利用シーンは、企業でのVPN接続のほかに、人気のある動画コンテンツに同時アクセスする際の接続処理などを想定している。

写真30:多者間鍵交換技術を利用したSSL-VPN接続(赤線)はVPNサーバのCPU負荷が低い
写真31:従来技術のSSL-VPN接続(画面左)は半数近くが接続失敗となった

基礎研究

「基礎研究」をテーマに、未来を拓き社会に変革をもたらす基礎研究の最新の研究成果を展示が行われた。

存在を意識させないデバイスをめざします(基礎研究:B03)

現在、様々なデバイスが私達の身の回りを取り巻いている。今後、さらにデバイスが増えていくと、デバイスの存在感が煩わしく感じるようになるかもしれない。本研究は、存在を意識させないデバイスの開発をめざしており、その一環として「透ける電池」が展示された。
「透ける電池」は、光の吸収を抑制しやすい材料を電極として選択し、さらに光の吸収と反射を抑制しやすい構造になるように電極を作成することで実現している。この結果、電池の光透過率は23%ほどで、一般的なサングラスに近い透過率をもつ。
電池としての性能は、平均電池電圧1.7V、放電容量0.03mAh(電流密度0.01mA/cm2)ほどで、一般家庭にある掃き出し窓の約1.5個分のサイズで市販のコイン電池の容量に相当する。また、充放電可能な二次電池として動作し、充放電を100回繰り返したあとでもLED点灯が可能である。
さらにこの電池は、電極を導電性フィルム上に成膜し、電解質をゲル化することで、「透ける」機能に加えて、「曲がる」機能も実現しており、多彩な用途での利用が期待される。
ウェラブルデバイス、情報表示ディスプレイ、建物の窓といった建材との組み合わせなどの利用を想定しており、用途に応じた電池性能と透明度のバランスが今後の研究課題となる。

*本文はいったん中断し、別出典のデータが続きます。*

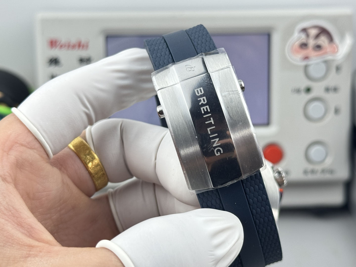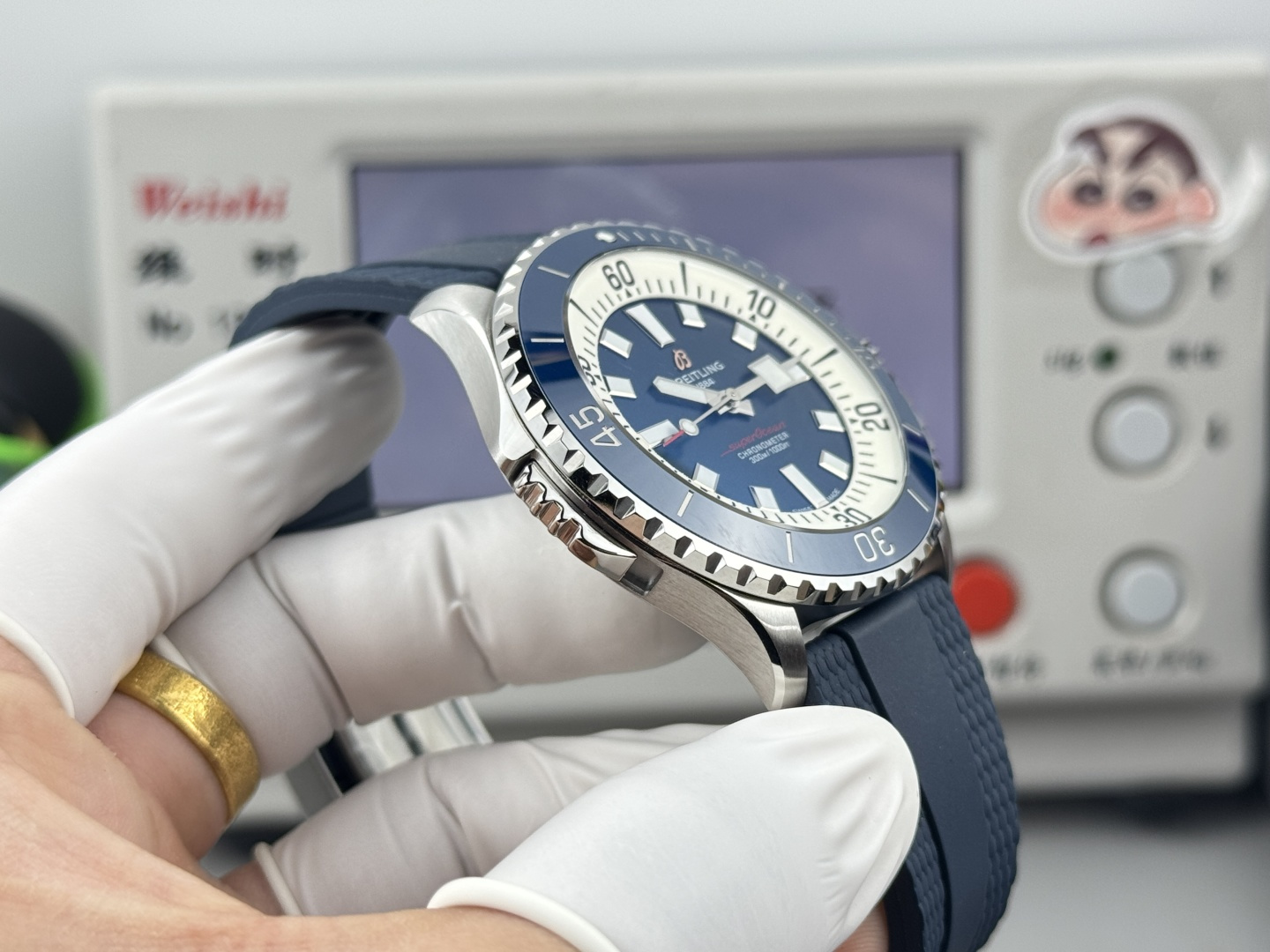 新しいスーパーオーシャン V2は、9時位置にロックスイッチを備えた双方向回転ベゼルを搭載し、大胆な前進を遂げています。この追加機能は、過去の技術的制約を克服し、ダイバーやスポーツ愛好家にとって時計の実用性を高める重要なブレークスルーです。この革新は、ブライトリングが防水時計の精度と信頼性で築いてきた評判を想起させます。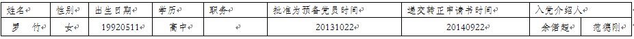 根据机械学院支部委员会2014年10月21日决定,经机械工程与自动化学院学生第二联合党支部提名,机械学院党总支审批,拟将罗竹同志转为中共正式党员,现将有关情况公示如下:

写真32:フィルム形状の透けて曲がる電池(左奥)とガラス板形状の透ける電池(右手前)

難問を桁違いの性能で解きます(基礎研究:B06)

レーザ光を利用して難問を高速に解くコヒーレントイジングマシン「LASOLV」と、そのハードウェアを動かすミドルウェア/アプリケーションの展示。
半導体や電子回路から構成されアルゴリズムで問題を解くデジタルコンピュータとは異なり、LASOLVはループ状の光ファイバの中を回るレーザ光パルスを(磁石のN極S極に相当する)スピンに見立て、スピン全体が安定した状態に落ち着く物理現象で問題を解く。
LASOLVが得意とするのは、膨大な選択肢の中から最も良いものを探す組合せ最適化問題を解くこと。組合せ最適化問題には、Max Cut問題(最大カット問題)やGraph Coloring問題(グラフ彩色問題)など様々な問題があるが、いずれも現在のコンピュータの難問であり、解くために多くの計算時間を必要とする。
前回の展示ではMax Cut問題を高速に解くデモを行ったが、今回はGraph Coloring問題の一例として、LASOLV実機をつないで日本地図で隣接する都道府県を異なる色で塗り分けるデモが実演された。デモではアニメーションを含めて十数秒程で解答が表示されたが、実際のLASOLV実行時間は5ミリ秒以内で解を探し出しているとのこと。
今回の展示では、解ける問題のバリエーションが増えたことと、ライブラリやSDKの提供により研究者だけでなく普通のプログラマが利用できる環境を構築できたことが伝えられた。今後は、社会や産業界の様々な組合せ最適化問題に適用するため、LASOLVの特性を引き出す方向でハードとソフト一体で強化を進めていく。